With the new CW series ‘Black Lightning,’ Salim and Mara Brock Akil introduce a superhero everyone can relate to.
By Denise Clay
During the day, Jefferson Pierce is a high school principal, molding the next generation of young minds including his two daughters, Anissa and Jennifer.
But at night, Pierce is the superhero Black Lightning, a hero who had gone into retirement at the request of his family, but now finds himself back on the front lines after the gang he put on ice — The 100 — makes a comeback. The comeback is courtesy of the hero’s archenemy, Tobias Whale, a local politician who killed Pierce’s father, a journalist that was exposing his secrets.
Just to make things interesting, Pierce’s daughters may have inherited their father’s ability to harness electricity…and his desire to make the streets safer as crime fighters.
This is just some of the plot of the new CW series, “Black Lightning.” The series, which stars Cress Williams (“Living Single”, “Hart Of Dixie”) as Jefferson Pierce, is produced by Salim and Mara Brock Akil, (“Girlfriends”, “Being Mary Jane,”and The Game) and Greg Berlanti, producer of the network’s successful DC comics “Arrowverse” lineup.
The Akils brought members of the cast of “Black Lightning”— Williams, Christine Adams (“The Girl With The Dragon Tattoo”), James Remar, (“Dexter”, “Gray’s Anatomy”), China Anne McClain (“The Gospel”), Martin “Krondon” Jones (“Harry’s Law”), and Damon Gupton (“Whiplash”) —to the National Association of Black Journalists convention in New Orleans to discuss the show.
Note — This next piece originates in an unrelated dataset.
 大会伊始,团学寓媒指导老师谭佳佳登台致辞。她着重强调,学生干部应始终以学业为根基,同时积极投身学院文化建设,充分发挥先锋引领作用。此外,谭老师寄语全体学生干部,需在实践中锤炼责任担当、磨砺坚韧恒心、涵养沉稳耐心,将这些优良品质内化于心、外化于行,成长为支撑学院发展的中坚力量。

The project was originally supposed to be on Fox’s fall schedule, but when the network passed, it made it’s way to the CW. Because of the relationship the Akils had with the network through the hit show “Girlfriends” and other projects, they brought it there, they said.
While he’s not one of DC’s best known characters, “Black Lightning” is a canvas that can house the kinds of stories that are important, but might not fit in a universe in which time travel and alien visits are the norm, Salim Akil said.
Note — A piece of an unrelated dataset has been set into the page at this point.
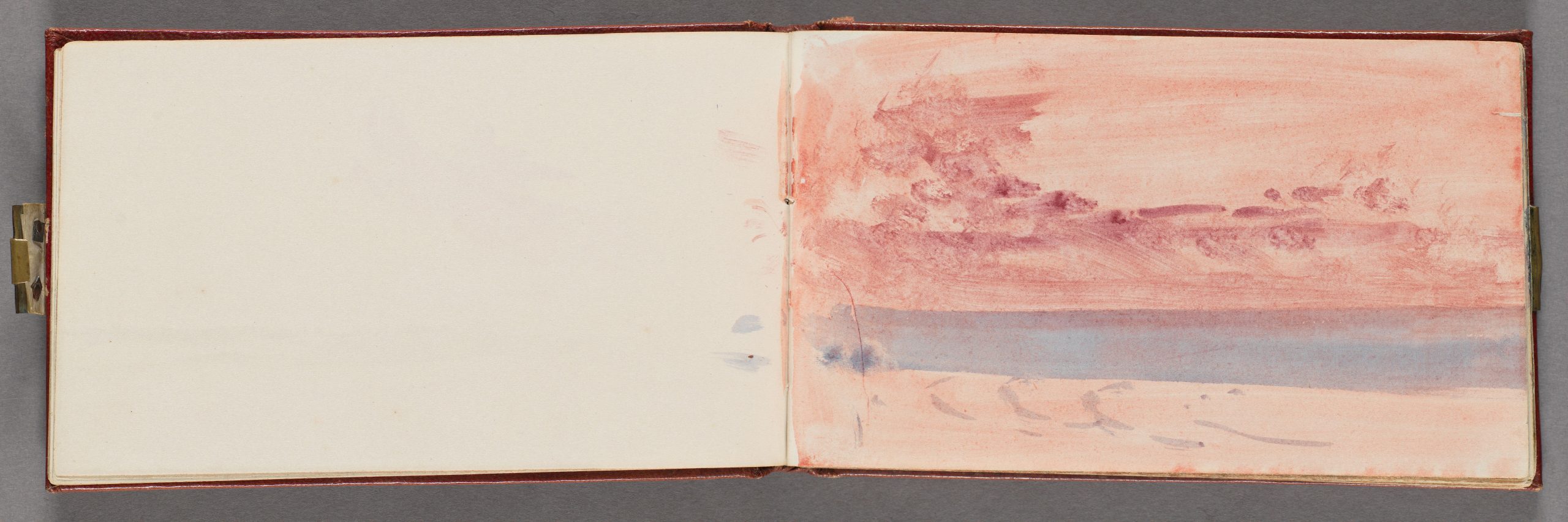 Sketchbook certain in crimson calf with marbled finish papers, watercolour on wove paper

For that reason, it was necessary to set the show in a place that was relatable, which in this case was Atlanta.
“This is a comic that tackled a lot of social issues and was grounded in reality,” he said. “We wanted people to recognize their neighborhood and to recognize the issues they deal with.”
With Williams, who is probably still best known as “Scooter” on “Living Single,” the duo found someone who could make Jefferson Pierce relatable.
“He walked in and owned the part,” Mara Brock Akil said.
Because the show is set in Atlanta, viewers shouldn’t expect it to be folded into the Arrowverse, Salim Akil said.
Or at least not yet. The show needs to get its bearings first.
“Everyone has an idea of who ‘Black Lightning’ is,” he said. “But, people need to get to know Jefferson Pierce and his family first.”
“Black Lightning” is scheduled to premiere as a mid-season series on the CW network in 2018.